-- EXERCISE BRIEF --
Look through the listing below for the line containing "New w/Box J". Copy it and each line after it up to and including the line containing "20世紀中期に作られたこの一", exactly, leaving out pictures.

-- RECORDED INFORMATION --
....
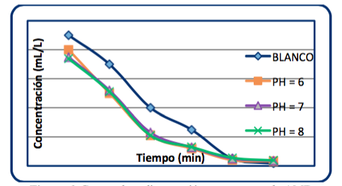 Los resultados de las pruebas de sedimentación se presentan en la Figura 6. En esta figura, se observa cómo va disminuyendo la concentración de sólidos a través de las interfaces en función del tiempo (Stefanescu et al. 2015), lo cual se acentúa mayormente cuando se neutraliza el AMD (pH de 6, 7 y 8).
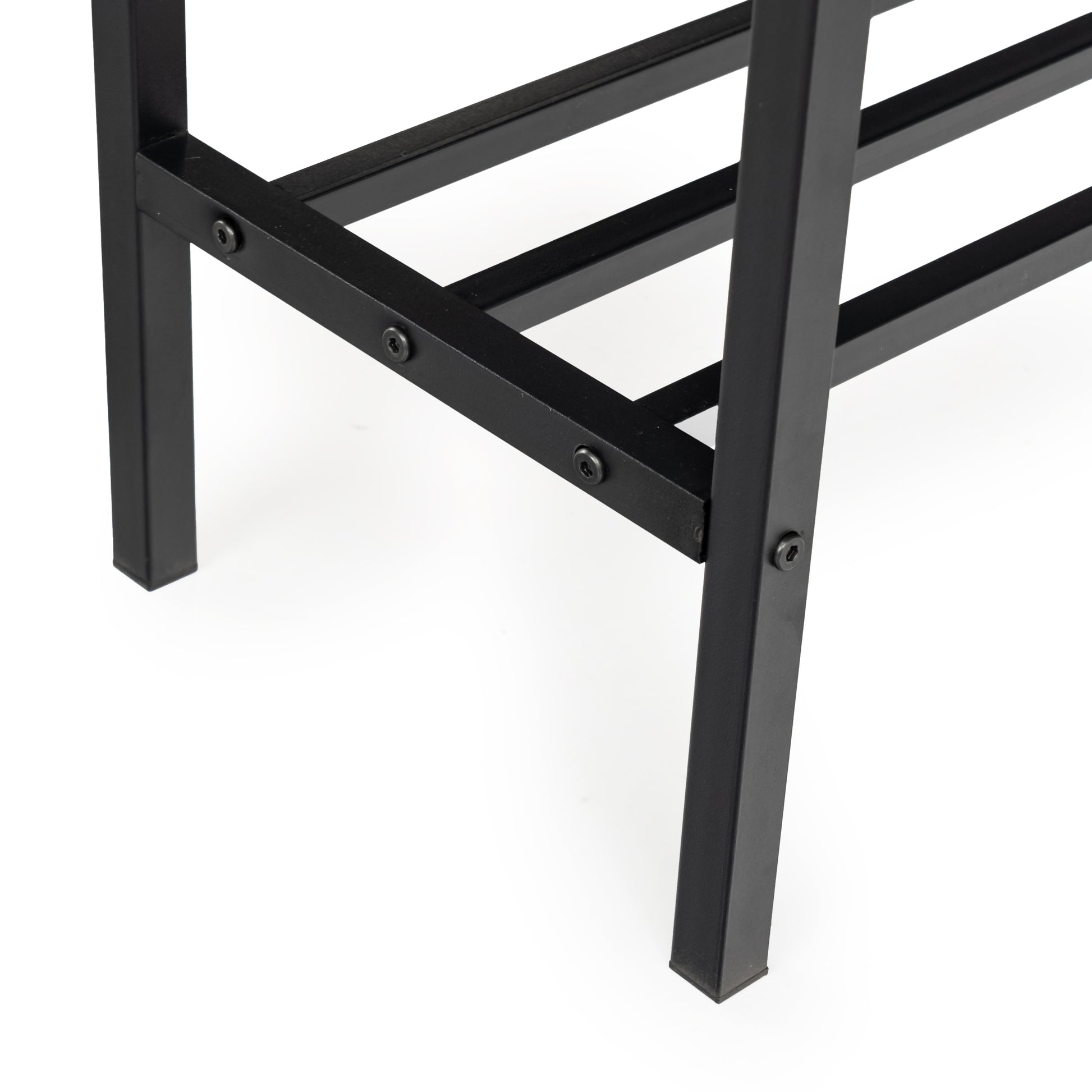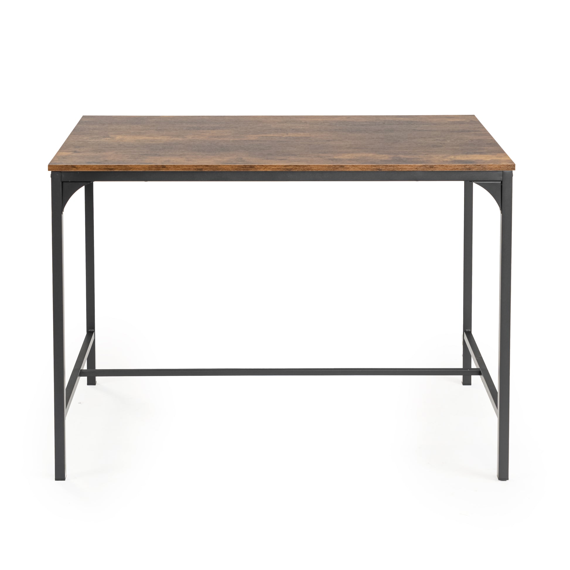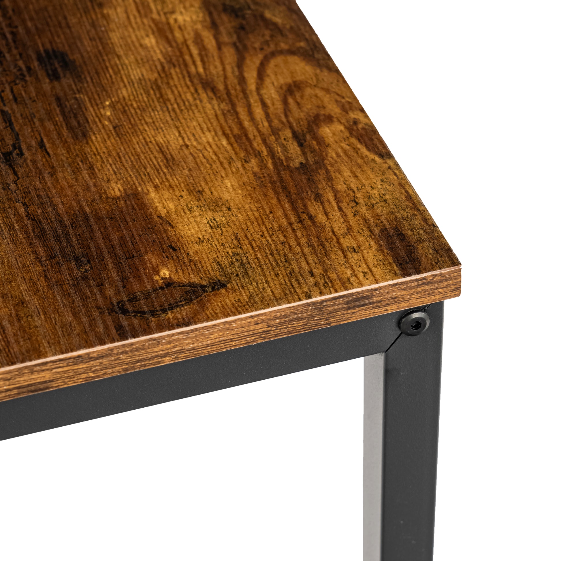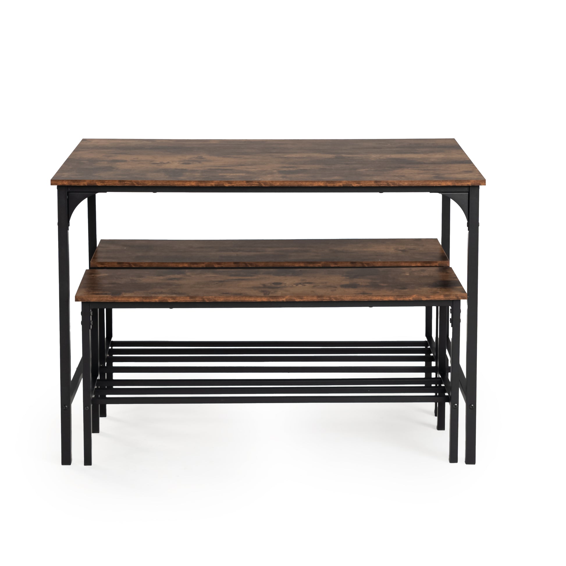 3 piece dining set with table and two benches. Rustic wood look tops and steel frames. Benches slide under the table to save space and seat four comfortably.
....
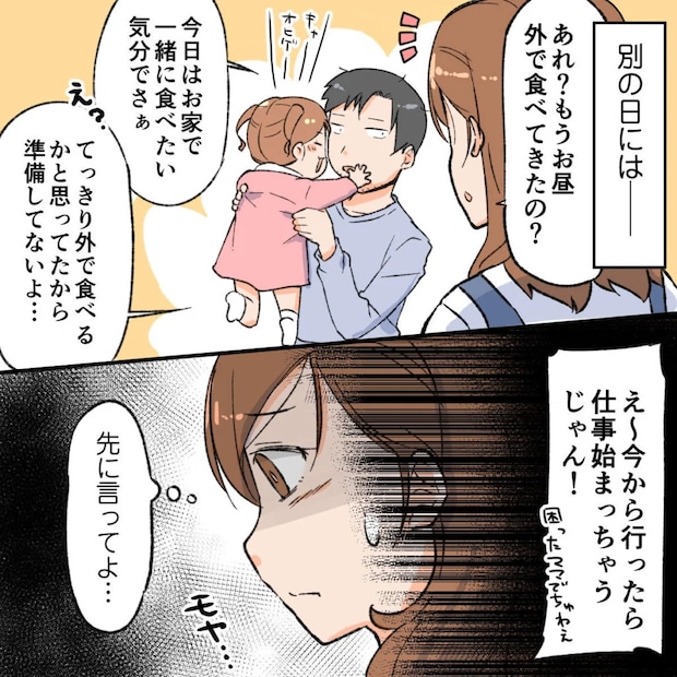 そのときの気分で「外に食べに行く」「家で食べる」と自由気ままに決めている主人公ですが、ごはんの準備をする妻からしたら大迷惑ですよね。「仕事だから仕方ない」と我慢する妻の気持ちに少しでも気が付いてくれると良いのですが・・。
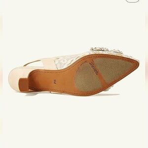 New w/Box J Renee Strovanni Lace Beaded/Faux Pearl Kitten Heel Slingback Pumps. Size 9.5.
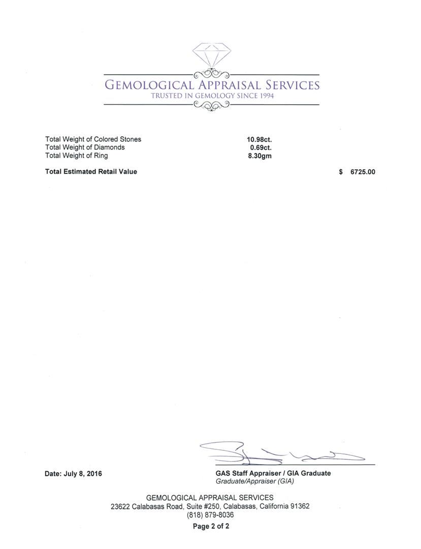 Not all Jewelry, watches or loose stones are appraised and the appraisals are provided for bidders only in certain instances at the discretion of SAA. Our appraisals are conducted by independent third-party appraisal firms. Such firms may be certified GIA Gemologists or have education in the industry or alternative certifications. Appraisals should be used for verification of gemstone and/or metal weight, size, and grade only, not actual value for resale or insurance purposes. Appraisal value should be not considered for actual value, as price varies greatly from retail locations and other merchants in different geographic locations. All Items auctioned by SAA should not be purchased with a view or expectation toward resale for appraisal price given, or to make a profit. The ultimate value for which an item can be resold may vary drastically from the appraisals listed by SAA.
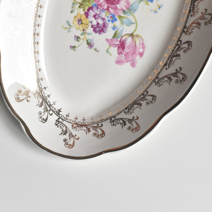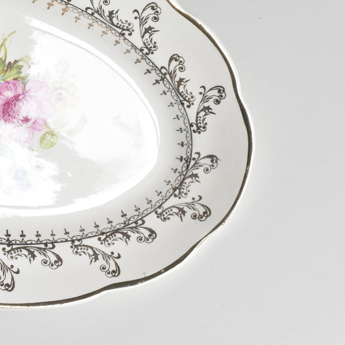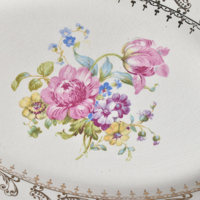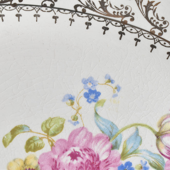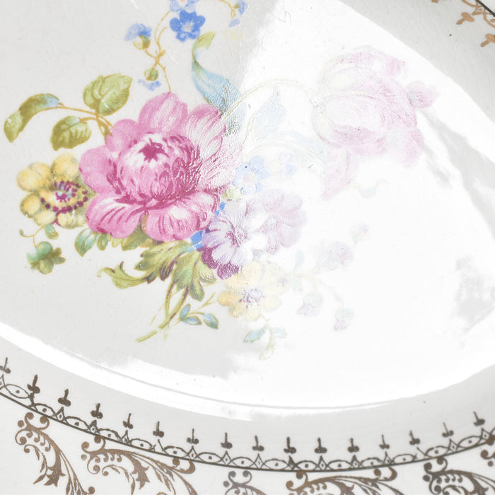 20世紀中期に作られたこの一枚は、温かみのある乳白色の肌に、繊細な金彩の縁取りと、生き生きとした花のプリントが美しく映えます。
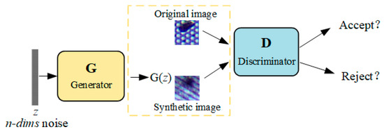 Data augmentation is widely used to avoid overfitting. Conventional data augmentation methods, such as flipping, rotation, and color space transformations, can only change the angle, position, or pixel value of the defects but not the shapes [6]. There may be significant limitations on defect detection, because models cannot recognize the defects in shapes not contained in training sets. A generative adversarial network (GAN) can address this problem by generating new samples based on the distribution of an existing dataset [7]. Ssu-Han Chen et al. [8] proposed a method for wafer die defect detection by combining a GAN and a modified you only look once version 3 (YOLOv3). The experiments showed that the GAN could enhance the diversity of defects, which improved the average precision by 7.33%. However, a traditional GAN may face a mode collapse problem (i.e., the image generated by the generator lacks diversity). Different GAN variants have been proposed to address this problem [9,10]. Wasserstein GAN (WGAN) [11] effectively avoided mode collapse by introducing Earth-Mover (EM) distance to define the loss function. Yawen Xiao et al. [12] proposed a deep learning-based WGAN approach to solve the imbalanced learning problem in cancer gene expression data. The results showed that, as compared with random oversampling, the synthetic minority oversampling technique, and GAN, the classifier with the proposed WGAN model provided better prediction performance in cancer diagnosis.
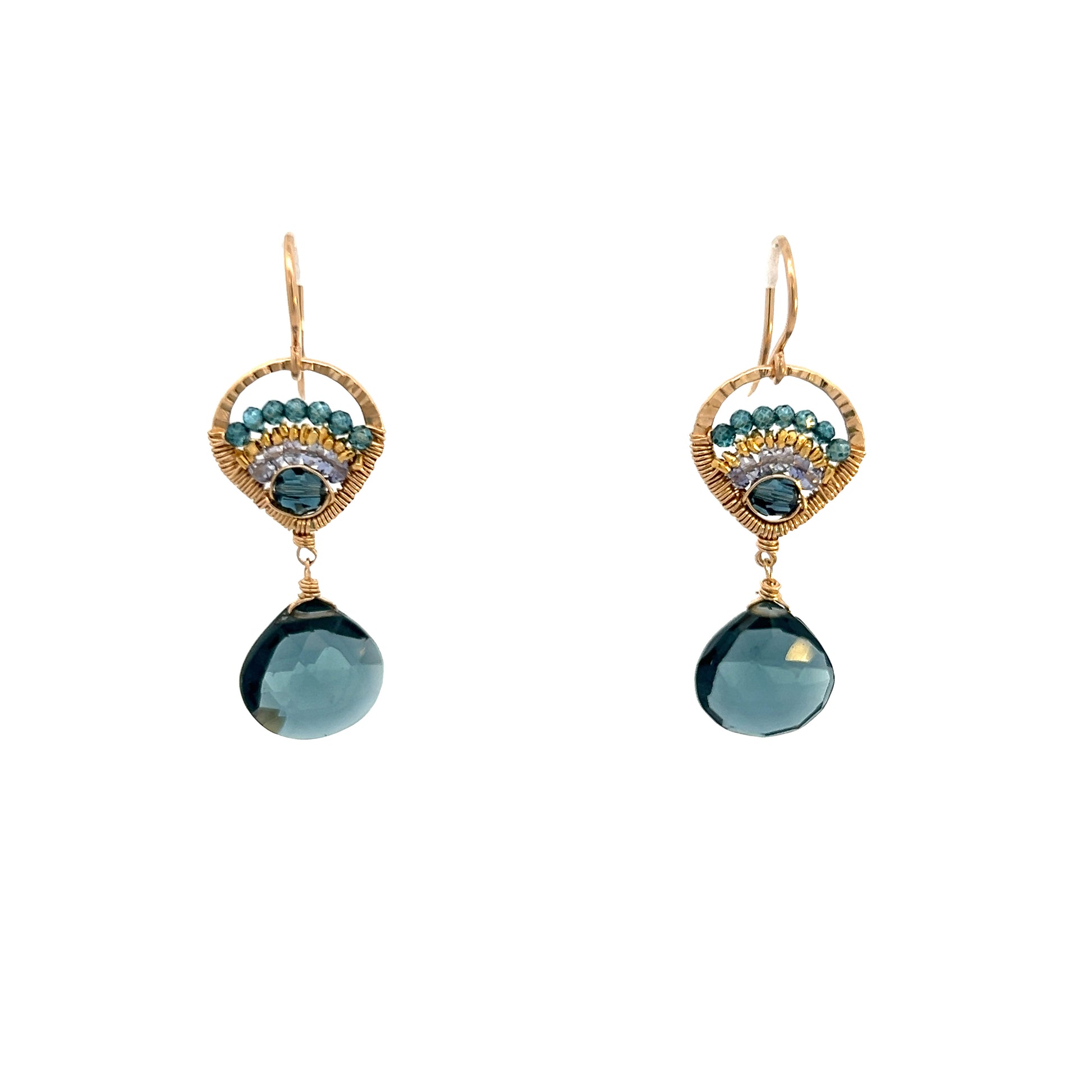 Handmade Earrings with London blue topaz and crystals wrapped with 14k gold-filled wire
....
-- WORKED SOLUTION --
 New w/Box J Renee Strovanni Lace Beaded/Faux Pearl Kitten Heel Slingback Pumps. Size 9.5.
 Not all Jewelry, watches or loose stones are appraised and the appraisals are provided for bidders only in certain instances at the discretion of SAA. Our appraisals are conducted by independent third-party appraisal firms. Such firms may be certified GIA Gemologists or have education in the industry or alternative certifications. Appraisals should be used for verification of gemstone and/or metal weight, size, and grade only, not actual value for resale or insurance purposes. Appraisal value should be not considered for actual value, as price varies greatly from retail locations and other merchants in different geographic locations. All Items auctioned by SAA should not be purchased with a view or expectation toward resale for appraisal price given, or to make a profit. The ultimate value for which an item can be resold may vary drastically from the appraisals listed by SAA.
 20世紀中期に作られたこの一枚は、温かみのある乳白色の肌に、繊細な金彩の縁取りと、生き生きとした花のプリントが美しく映えます。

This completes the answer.